- Born: February 1809 Ballindrait, Ireland
- Died: 14 December 1858 (aged 49) Dublin
- Occupation: Presbyterian minister

= Alexander Porter Goudy =

Irish Presbyterian minister

Alexander Porter Goudy (February 1809 – 14 December 1858) was an Irish Presbyterian minister.

==Biography==
Goudy was the son of the Rev. Andrew Goudy (Presbyterian minister of Ballywalter, co. Down, from 1802 to 1818), by Matilda, daughter of the Rev. James Porter of Greyabbey (who was executed in 1798 for supposed complicity in the designs of the United Irishmen). Goudy was born near Ballywalter in February 1809, and after attending school at the Belfast Academical Institution, he entered its collegiate department in November 1823. He distinguished himself in several of the classes, and gained some reputation in the college debating society, where his chief rival was Thomas Hagan, afterwards Lord–Chancellor O'Hagan.

He was licensed by the presbytery of Bangor 29 December 1830, and ordained as assistant and successor to the Rev. James Sinclair of Glastry (not far from his birthplace), 20 September 1831. On 20 March 1833, he was installed in Strabane, where he continued minister till his death.

In 1839, he became involved in a somewhat notable controversy on the merits of episcopacy. The Rev. Archibald Boyd, then curate in Derry Cathedral, subsequently dean of Exeter, had issued ‘Sermons on the Church’ in 1838, in which he attacked presbyterianism. In 1839, four ministers of the synod of Ulster, of whom Goudy was one, published a reply entitled ‘Presbyterianism Defended, and the Arguments of Modern Advocates of Prelacy examined and refuted’. The other authors were the Revs. William Dool Killen of Raphoe, afterwards professor of church history in the assembly's college, Belfast, William McClure and James Denham, ministers in Londonderry. Boyd having replied in a book entitled ‘Episcopacy, Ordination, Lay Eldership, and Liturgies, in five letters,’ the four ministers published ‘The Plea of Presbytery,’ which soon became a standard work on the subject. This Boyd reviewed in ‘Misrepresentation Refuted,’ which called forth ‘Mene Tekel’ from the four ministers. The last work in the controversy was by Boyd, and was entitled ‘Episcopacy and Presbytery.’ Goudy's part in this battle of the books was very ably done.
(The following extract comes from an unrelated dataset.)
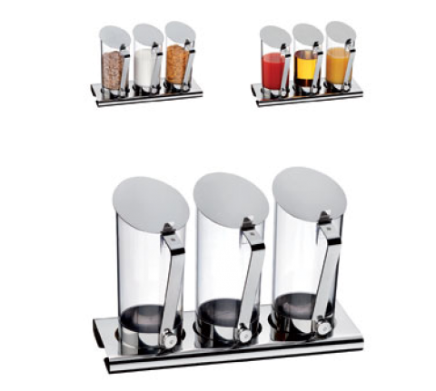 Cereal/Juice/Milk Dispenser Set, includes: 17-1/2" x 6-3/4" x 1-1/4" rectangular 18/10 stainless steel base, (3) 67.6 oz. clear SAN containers, by WMF

Shortly after he took a large share in the agitation caused by a decision of the House of Lords (elicited by an appeal from the Irish courts), which affirmed the invalidity of a marriage celebrated by a Presbyterian minister, where one of the parties was an episcopalian. This legal decision was made after an English soldier had married a local Presbyterian girl, and then gone on to marry another woman. This agitation was ended by the passing of the Marriages (Ireland) Act (7 & 8 Victoria, chap. 81), which legalises all such marriages.

Goudy, along with Richard Dill and John Brown, was involved in the establishment of a Presbyterian college.
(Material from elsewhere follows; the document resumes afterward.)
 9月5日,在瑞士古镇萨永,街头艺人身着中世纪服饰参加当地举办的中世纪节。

From this time Goudy took rank as one of the leading debaters in his church, and had a prominent part in all its business.

In 1851 he received the degree of D.D. from Jefferson College, U.S. In 1857, he became moderator of the general assembly. He died unexpectedly in Dublin 14 December 1858; he had travelled to the city to attend Rev. Richard Dill’s funeral.

In addition to the works mentioned above he published several sermons and pamphlets.

==Family==
In 1846, he married Isabella Kinross of Ayr. Their eldest son, Henry Goudy was a jurist, a professor of civil law in Edinburgh University, and regius professor of civil law at Oxford 1893–1919.